_About this exercise_
Look below for the line containing "有国家补贴加持,入手能省不少" and the line containing "This Autographed Union"; repeat exactly those two lines and all lines between them, and nothing else.

_Extracted information_

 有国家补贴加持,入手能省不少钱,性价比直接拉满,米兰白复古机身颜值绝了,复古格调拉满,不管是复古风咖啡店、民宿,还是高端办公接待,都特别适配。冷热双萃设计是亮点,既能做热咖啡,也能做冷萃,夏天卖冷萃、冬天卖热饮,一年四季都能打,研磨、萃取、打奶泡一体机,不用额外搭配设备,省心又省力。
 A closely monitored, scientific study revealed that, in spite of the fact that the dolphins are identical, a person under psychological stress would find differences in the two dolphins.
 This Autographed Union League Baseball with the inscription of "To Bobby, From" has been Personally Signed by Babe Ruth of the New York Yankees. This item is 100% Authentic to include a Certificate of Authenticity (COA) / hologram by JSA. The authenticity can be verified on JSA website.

...

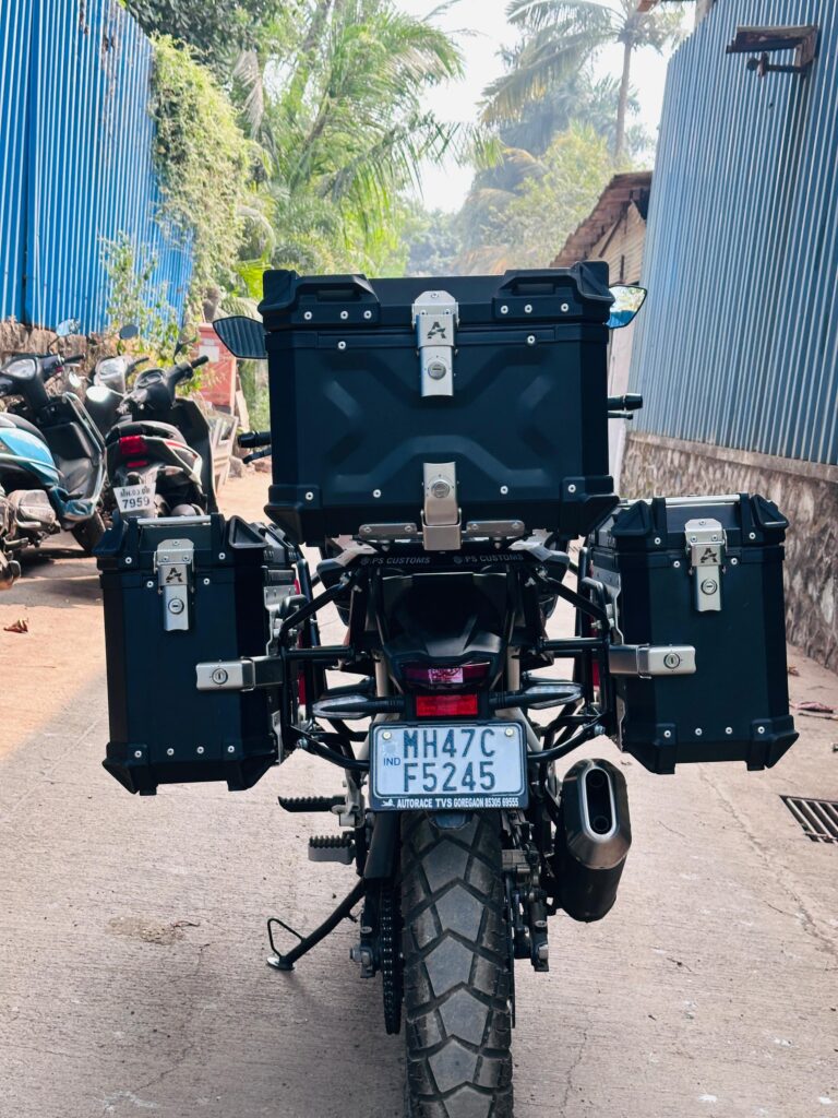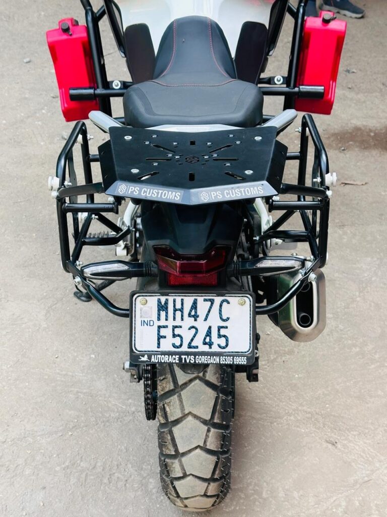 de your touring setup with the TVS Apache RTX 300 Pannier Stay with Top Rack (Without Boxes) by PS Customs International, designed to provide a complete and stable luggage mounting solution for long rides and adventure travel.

_Solution to this problem_
 有国家补贴加持,入手能省不少钱,性价比直接拉满,米兰白复古机身颜值绝了,复古格调拉满,不管是复古风咖啡店、民宿,还是高端办公接待,都特别适配。冷热双萃设计是亮点,既能做热咖啡,也能做冷萃,夏天卖冷萃、冬天卖热饮,一年四季都能打,研磨、萃取、打奶泡一体机,不用额外搭配设备,省心又省力。
 A closely monitored, scientific study revealed that, in spite of the fact that the dolphins are identical, a person under psychological stress would find differences in the two dolphins.
 This Autographed Union League Baseball with the inscription of "To Bobby, From" has been Personally Signed by Babe Ruth of the New York Yankees. This item is 100% Authentic to include a Certificate of Authenticity (COA) / hologram by JSA. The authenticity can be verified on JSA website.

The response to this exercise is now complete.